Case Study: Massive Data Processing in Adobe Experience Platform with Delta Lake

How Adobe built a cost-effective and scalable data pipeline using Delta Lake and Apache Spark to power its Experience Platform.

The Challenge: A Multi-Tenant, Petabyte-Scale Platform

The Adobe Experience Platform unifies data from across Adobe's products to power real-time customer profiles and AI/ML services. The platform needed to:

  • Process petabytes of data daily from thousands of tenants.
  • Ensure data quality and reliability for both streaming and batch data.
  • Provide a scalable and cost-effective solution for data transformation and enrichment.
  • Handle the "small file problem" caused by ingesting data from many different sources.

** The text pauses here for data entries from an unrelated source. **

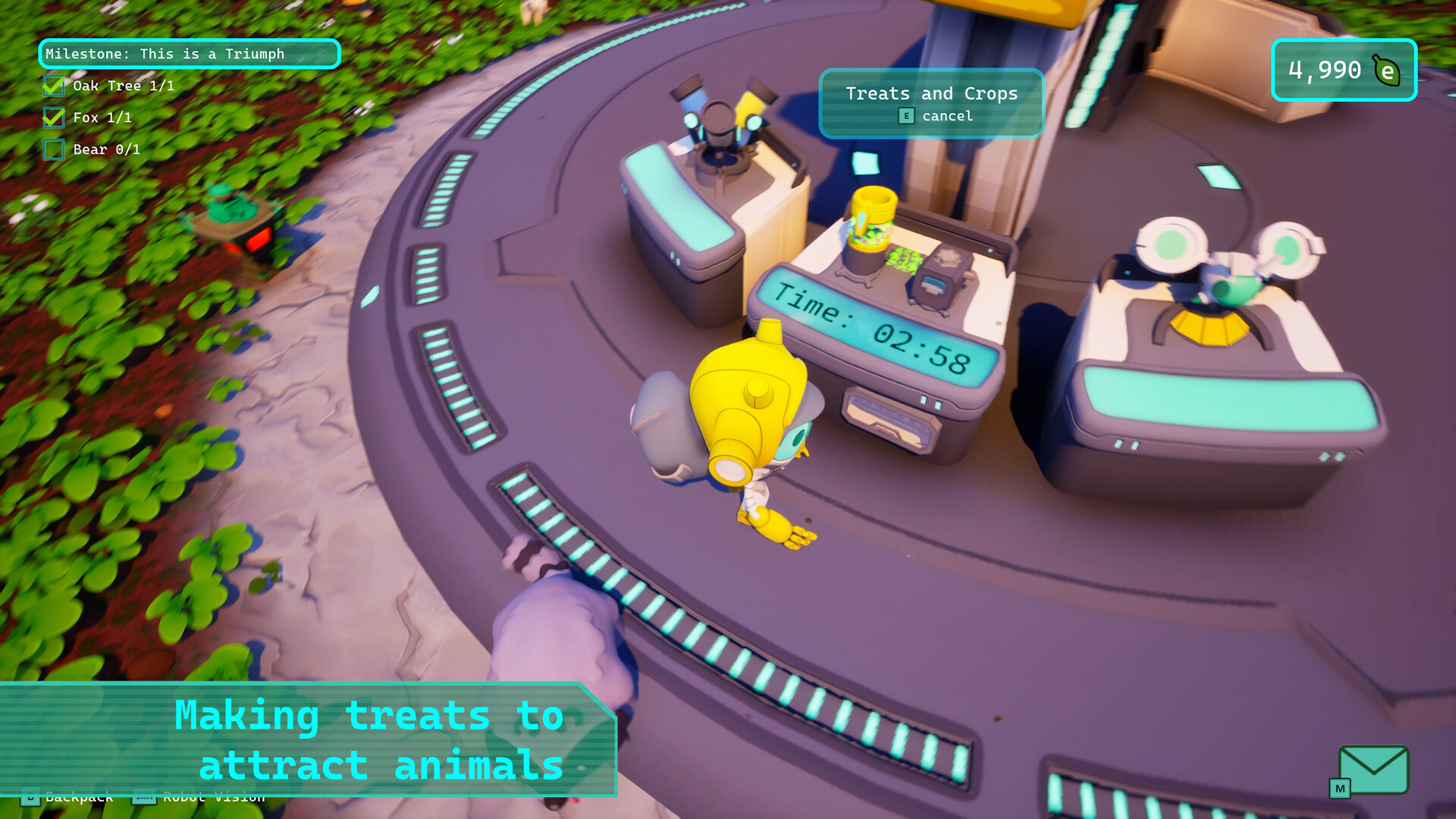 Along your journey, you unlock a few crops to plant and harvest, a few recipes for new treats to make at the treat console, and new decorations to both beautify your garden and further entice more animals to stay. You'll also unlock and be rewarded with cosmetic items to transform your robot, consoles, and more.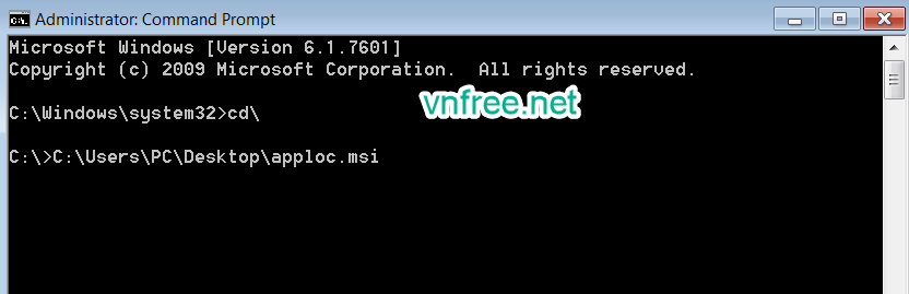Command prompt, vì cài bằng click đúp chuột thường báo lỗi '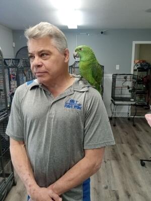 Young 8 month old Yellow Nape Amazon Parrot available for sale for $3000.00. He is Bi-Lingual speak...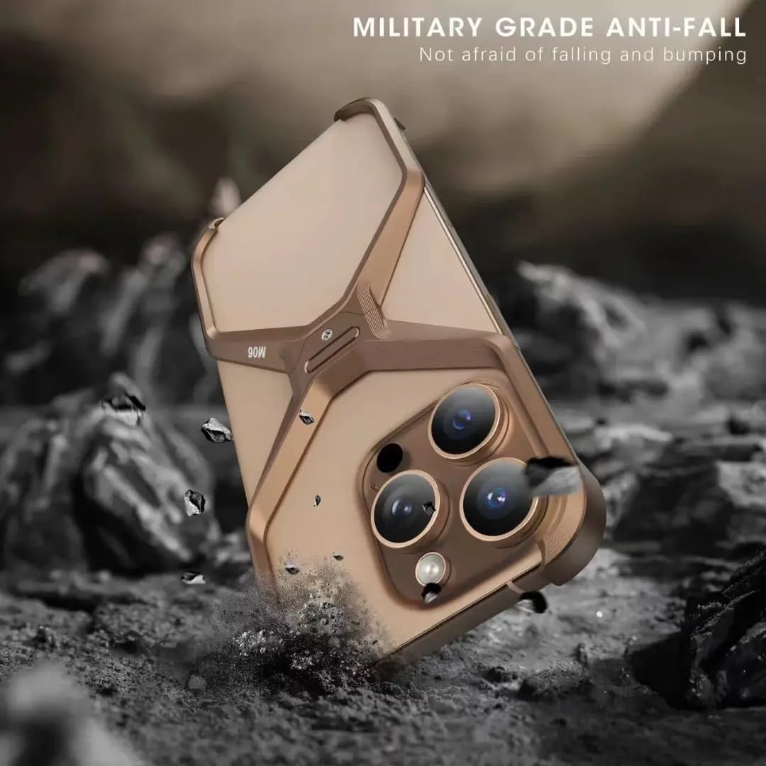 iPhone 16 Pro Max X Shape Metal Case Super Slim Premium Metal Luxury Aluminum Frameless X Shaped Case - Desert Titanium - iPhone 16 Pro Max

The Architecture: A Lakehouse Built on Delta Lake

Adobe's solution is a classic Lakehouse architecture, with Delta Lake and Apache Spark on Databricks at its core.

graph TD subgraph "Data Ingestion" A[Streaming Sources] --> B(Kafka); C[Batch Sources] --> D[ADLS Gen2]; B & D --> E{Databricks Ingestion Jobs}; end subgraph "Lakehouse Processing" E --> F[Bronze Delta Tables]; F --> G(ETL with Spark & Delta); G --> H[Silver Delta Tables]; H --> I(Data Enrichment & Aggregation); I --> J[Gold Delta Tables]; end subgraph "Serving Layer" J --> K(Adobe Experience Platform Services); J --> L(BI & Reporting); end
  1. Ingestion: Streaming and batch data is ingested into a landing zone.
  2. Bronze Layer: The raw data is ingested into Bronze Delta tables, providing an immutable, versioned copy of the source data.
  3. Silver Layer: ETL jobs running on Databricks read from the Bronze tables, perform cleaning, filtering, and schema enforcement, and write the results to Silver Delta tables.
  4. Gold Layer: The Silver data is further enriched, aggregated, and joined to create business-level Gold tables that are optimized for specific use cases, such as powering the real-time customer profile.

Key Technical Details & Learnings

  • ACID Transactions with Delta Lake: Delta Lake's ACID properties were critical for ensuring data reliability and consistency, especially in a multi-tenant environment with concurrent reads and writes.
  • Solving the Small File Problem: Delta Lake's `OPTIMIZE` command, particularly the `ZORDER` option, was used to compact small files into larger ones and co-locate related information, which significantly improved query performance.
  • Time Travel for Debugging and Auditing: The ability to query previous versions of a Delta table (Time Travel) was invaluable for debugging data issues and for auditing data changes over time.
  • Scalability with Databricks: The elastic nature of Databricks clusters allowed Adobe to scale their processing resources up and down to meet the demands of their petabyte-scale workloads, optimizing for both performance and cost.